Dataset - DigestPath2019 - Grand Challenge

In the challenge, participants will be provided with 2 datasets:

Signet ring cell dataset¶

Signet ring cell carcinoma is a type of rare adenocarcinoma with poor prognosis. Early detection of such cells leads to huge improvement of patients' survival rate. However, there is no existing public dataset with annotations for studying the problem of signet ring cell detection.

This dataset has positive samples and negative samples. Training positive samples contain 77 images from 20 WSIs, with cell bounding boxes written in xml. Training negative samples contain 378 images from 79 WSIs.These negative WSIs have no signet ring, but could contain other kinds of tumor cells.

Each signet ring cell is labeled by experienced pathologists with a rectangle bounding box tightly surrounding the cell. Each image is of size 2000X2000. The training images are from 2 organs, including gastric mucosa and intestine. Because of the difficulty of manual annotation, there exist some signet ring cells who are missed by pathologists. In other words, this dataset is a noisy dataset with its positive images not fully annotated.

For method evaluation, another 56 patients' 227 images are utilized, in which 27 images from 11 patients contain ring cells. For the normal region false positives, some negative samples which are either healthy or infected by other types of cancer will be added for training and evaluation.

All whole slide images were stained by hematoxylin and eosin and scanned at X40.

Sample of parts of images:

Sample of a full image:

Colonoscopy tissue segment dataset¶

Colonoscopy pathology examination can find cells of early-stage colon tumor from small tissue slices. Pathologists need to daily examine hundreds of tissue slices, which is a time consuming and exhausting work. Here we propose a challenge task on automatic colonoscopy tissue segmentation and screening, aiming at automatic lesion segmentation and classification of the whole tissue (benign vs. malignant).

This dataset has positive samples and negative samples. Training positive samples contain 250 images of tissue from 93 WSIs, with pixel-level annotation in jpg format, where 0 means background and 255 for foreground (malignant lesion). You could simply get binary mask by a threshold 128. Training negative samples contain 410 images of tissue from 231 WSI. This negative images have no annotation because they don't have any malignant lesion.

For colonoscopy pathology examination, there are 10 or more tissues in a single WSI. To make this task easier, we selected one or two tissues in a WSI and did segment annotation by our pathologists. Also, we notice a small number of malignant grands could be missed by pathologists.

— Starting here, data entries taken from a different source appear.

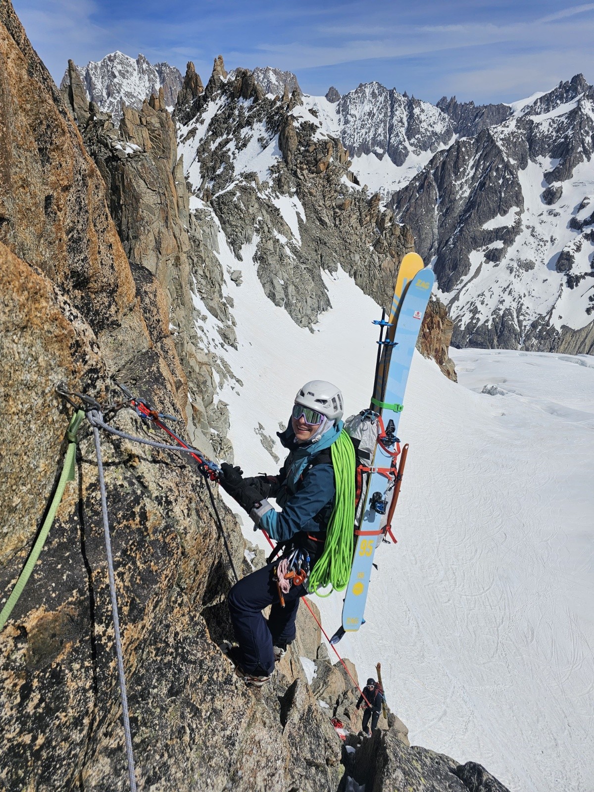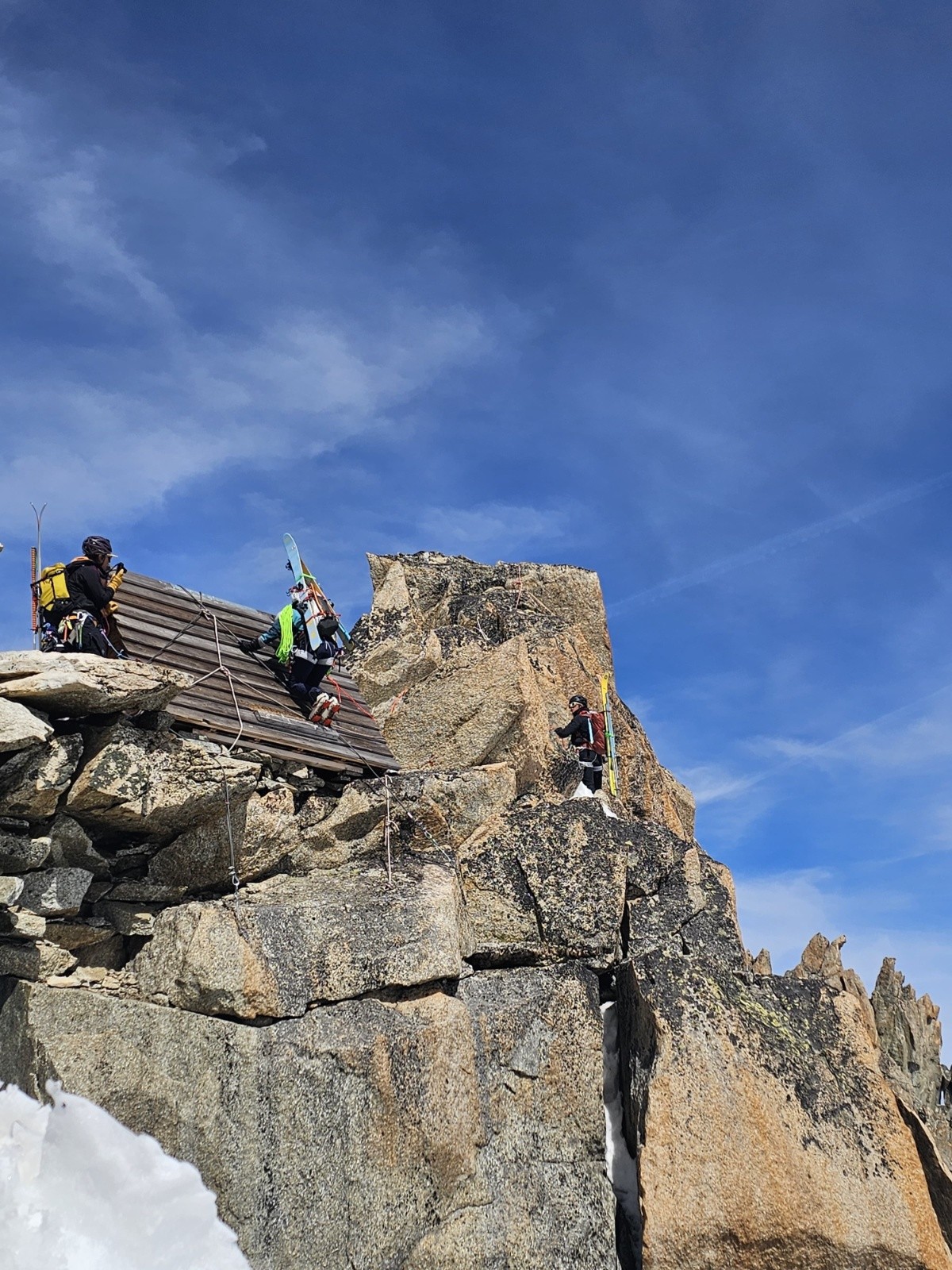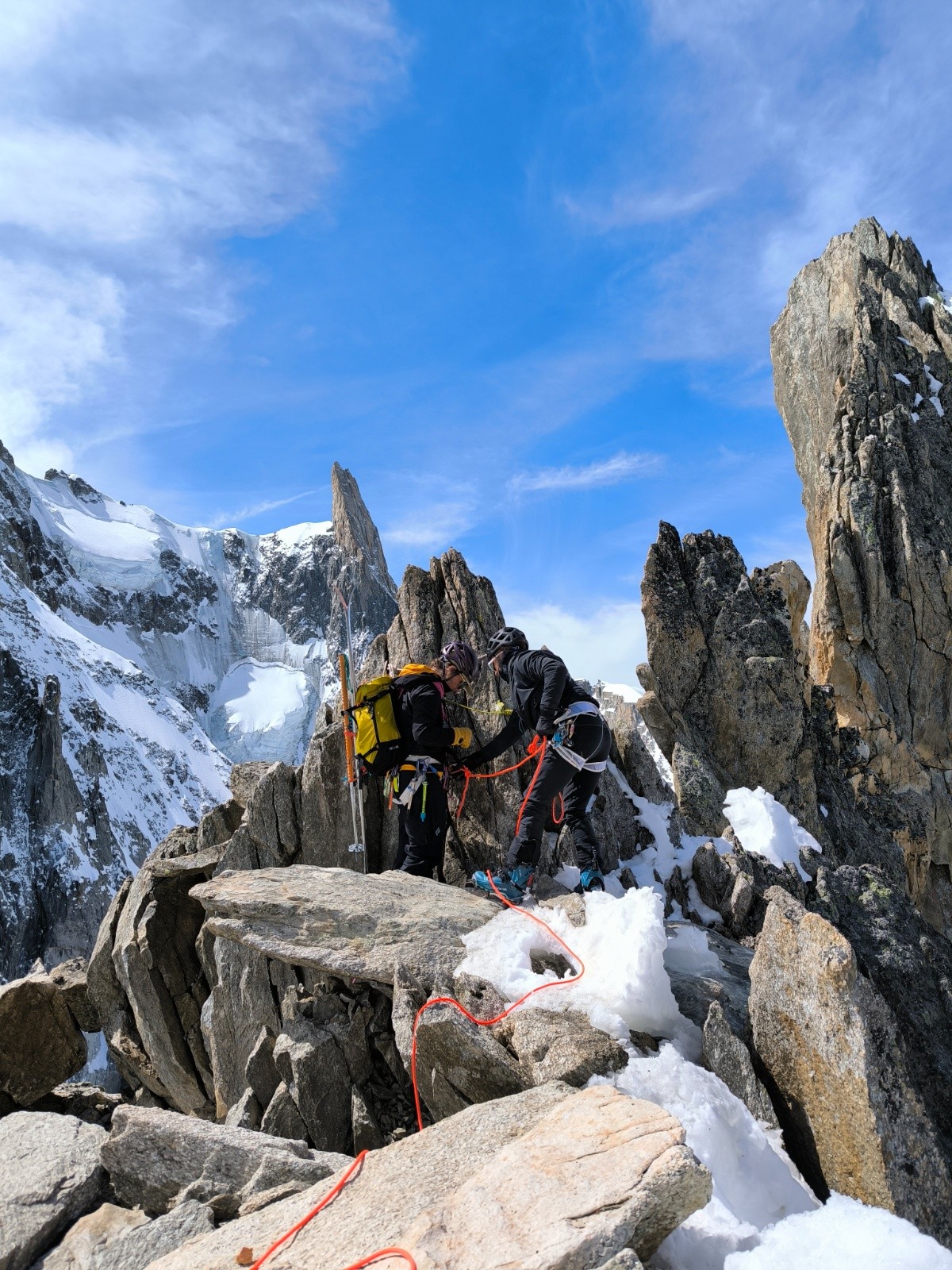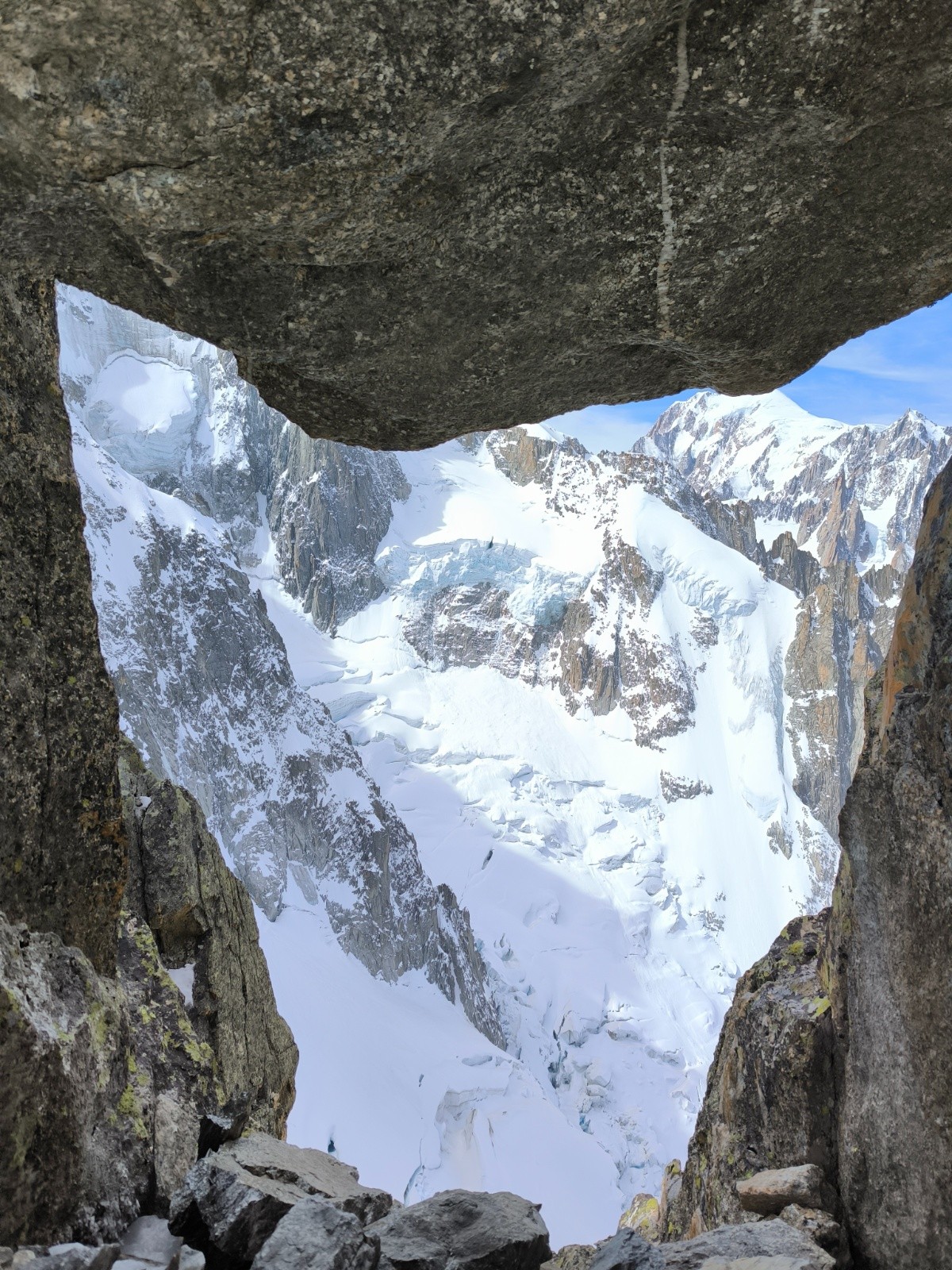 Aujourd'hui dimanche, 7h nous entamons la descende du glacier du Tacul. Assez casse gueule d'ailleurs, bien bien gelée 😂
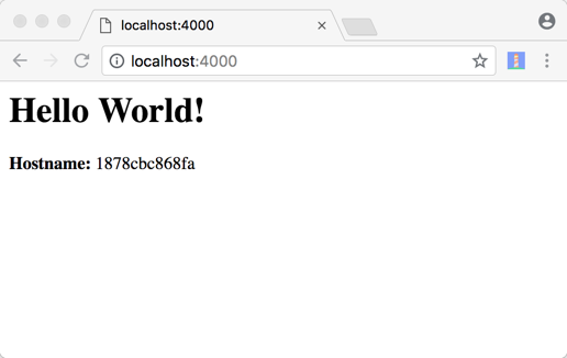 Remember, this is the internal port of your container and can reach the application by typing http://localhost:4000 in the address bar of your browser:
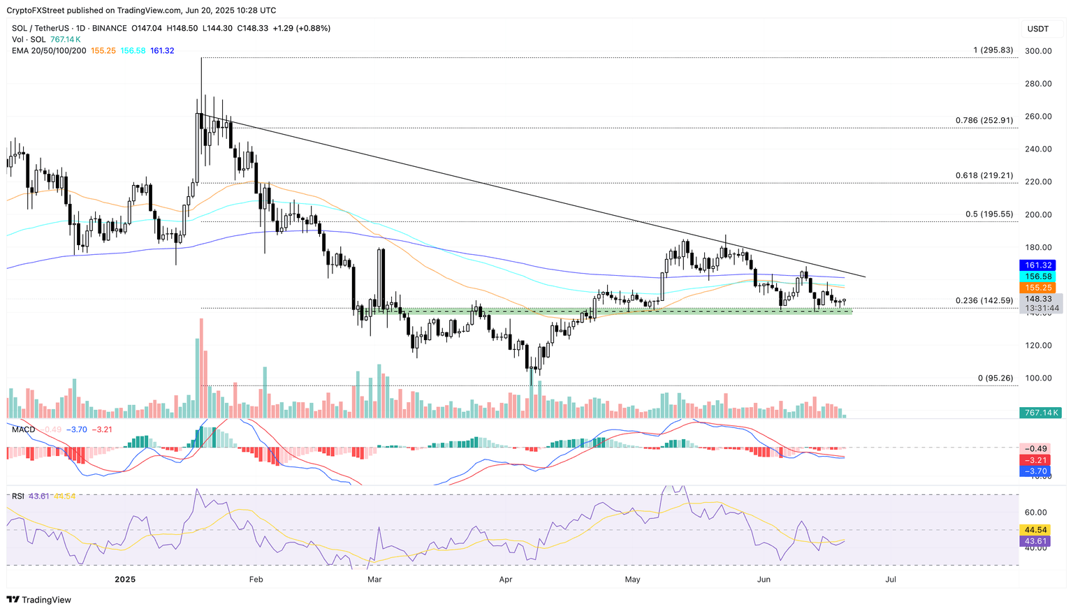 Solana ticks higher by under 1% at press time on Friday as it prepares a potential early reversal from the $140 demand zone, which aligns with the 23.6% Fibonacci retracement level at $142, drawn from the all-time high of $295 to the year-to-date low of $95.
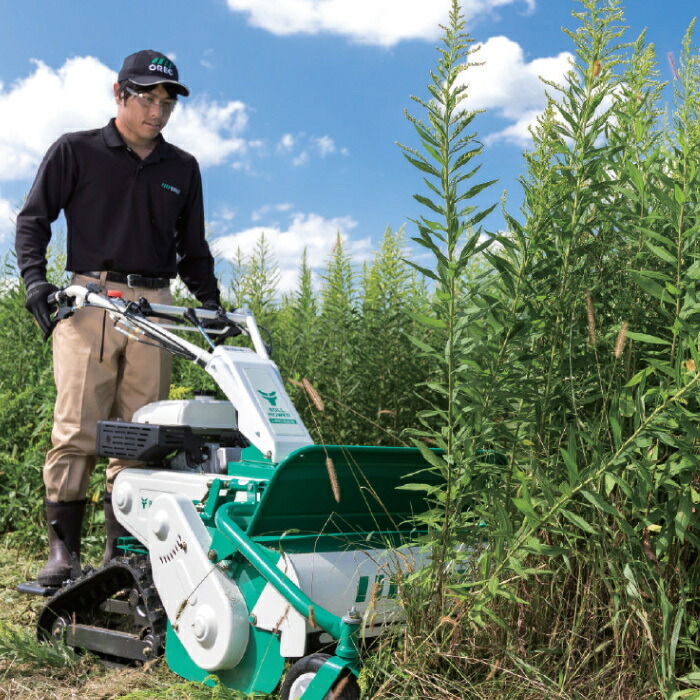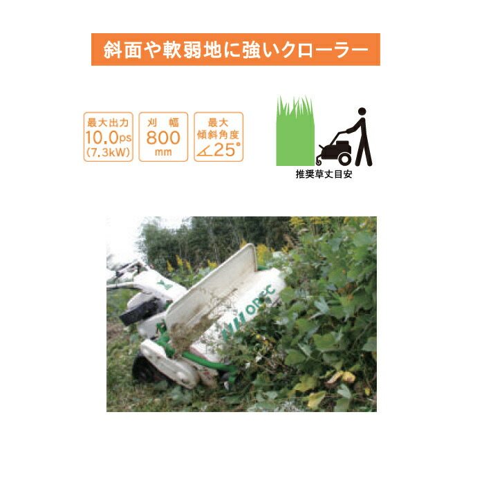 刈幅800mmの10馬力仕様。クローラー搭載で軟弱地でも安定した草刈が可能
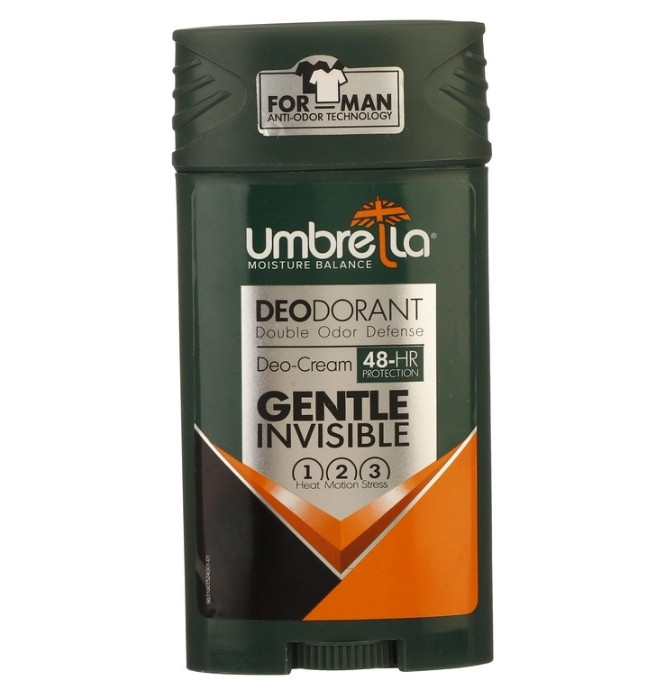 استیک ضد تعریق مردانه آمبرلا مدل جنتل بدون ایجاد حساسیت و با بافت کرمی، محافظت کننده پوست در برابر تعریق و بوی نامطبوع بدن است. این محصول همچنین از خشکی پوست بعد از استفاده جلوگیری میکند.
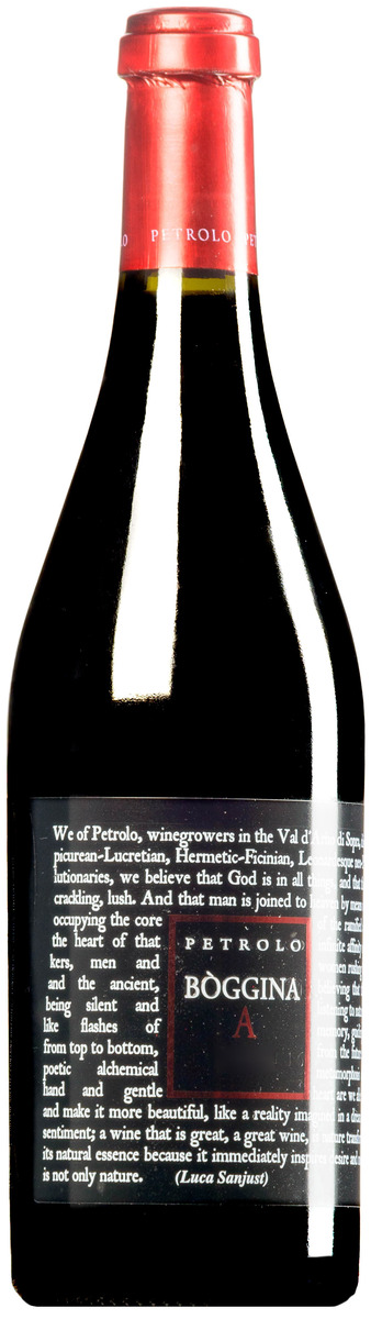 "Le Petrolo 2020 Val d'Arno di Sopra Bòggina A présente le cépage sangiovese avec une personnalité fraîche, concentrée, presque croquante. Ce vin bio s'ouvre sur des arômes de fraises des bois ou de fragolino, de lilas, d'orange sanguine et de terre rouillée. Il possède un caractère presque brillant ou brillant. Le Bòggina A présente beaucoup de fraîcheur primaire, des tanins fins et une acidité équilibrée." Wine Advocate

The average size of all images are of 5000x5000 pixels, some of them are extremely huge. We will also provide another 152 patients' 212 tissues as the testing set, in which 90 images from 65 patients contain lesion. All whole slide images were stained by hematoxylin and eosin and scanned at X20.

The data in the challenge will show great variations in terms of appearance because the data are collected from 4 medical centers, especially from several small centers in developing countries/regions. Image style differences can be an obstacle for the screening task. Holding the challenge and releasing the large quantity of expert level annotations will attract much attention from the medical imaging community and substantially advance the research on automatic colonoscopy screening.

The criteria for distinguishing between benign(negative) and malignant(positive) is really hard. Again, to make this task easier for a academic competition, according to WHO classification of tumours of the digestive system, we regard the following diseases as malignant lesion: high grade intraepithelial neoplasia and adenocarcinoma, including papillary adenocarcinoma, mucinous adenocarcinoma, poorly cohesive carcinoma and signet ring cell carcinoma. Low grade intraepithelial neoplasia and severe inflammation are usually hard case for pathologists. Then this dataset will not include these hard cases. Notice that in practical clinical diagnosis, pathologists would face more difficult and complicated situations.

Sample of part of image:

Sample of a full image:

The challenge only releases the training set and keeps testing set secret.